The pop-up was successful, and Leon and his partner were able to open Amilinda.
"We opened in August of 2016. August first. So it's been a year and seven months or so," Leon adds.
Leon credits his pop-up hostess for helping him launch his business.
"I certainly feel that way about Nell and the National. If she wouldn't have opened her doors to us and let us do this pop-up we wouldn't be here. We wouldn't have our own permanent restaurant," Leon says.
Leon says it's gratifying to now be able to host a pop-up.
"We love it, actually. We love being able to provide a space for people to come in, be creative, and get their career started, their business started. I feel like it's my duty," Leon says.
Zach Peterson owns Commonplace in Bay View.
"I actually launched the store first as an online-only store. That was in summer of 2014. Then in the summer of 2015 I did a two-month long pop-up in Milwaukee's Third Ward. It was just sort of a retail test to see kind of how the local market would react to the products I was carrying. A lot of them were new to the area so I didn't really know how it was going to go," Peterson says.
It went well, and now Peterson has a permanent space in Bay View.
Peterson says he would recommend a pop-up as a way for an entrepreneur to test the waters.
"You get your name out there and also you get to work out any kinks that might be in your operation. You don't have to buy a ton of inventory right off the bat because you're just doing it for a couple of months, so you can do smaller orders and not put a ton of investment into it right away. Really sort of figure out what you're going to do and how you're going to do it before you jump all the way in on a long-term lease and a bunch of inventory and a bunch of other equipment and things like that," Peterson says.

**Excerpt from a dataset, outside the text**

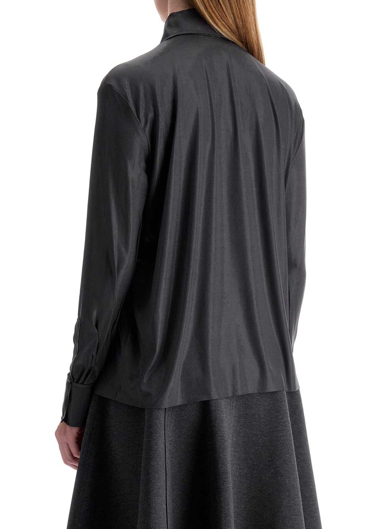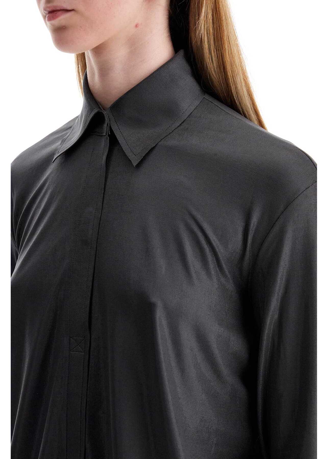 Crafted in poly lycra lamé, this Norma Kamali shirt stands out for its fluid line and essential design accentuated by laser-cut edges. It features split cuffs and a decorative flap on the front with a velcro closure only at the neck. The model is 177 cm tall and wears size XS.

Peterson says he believes Milwaukee's pop-up scene will grow.
"It makes so much sense that I don't see any reason why it wouldn't catch on more and more here. We do have a lot of empty storefronts. We have some streets that have multiple empty storefronts. I think it would make a lot of sense for new businesses and the building owners of those empty storefronts to go in there for a little bit. Get some money both ways."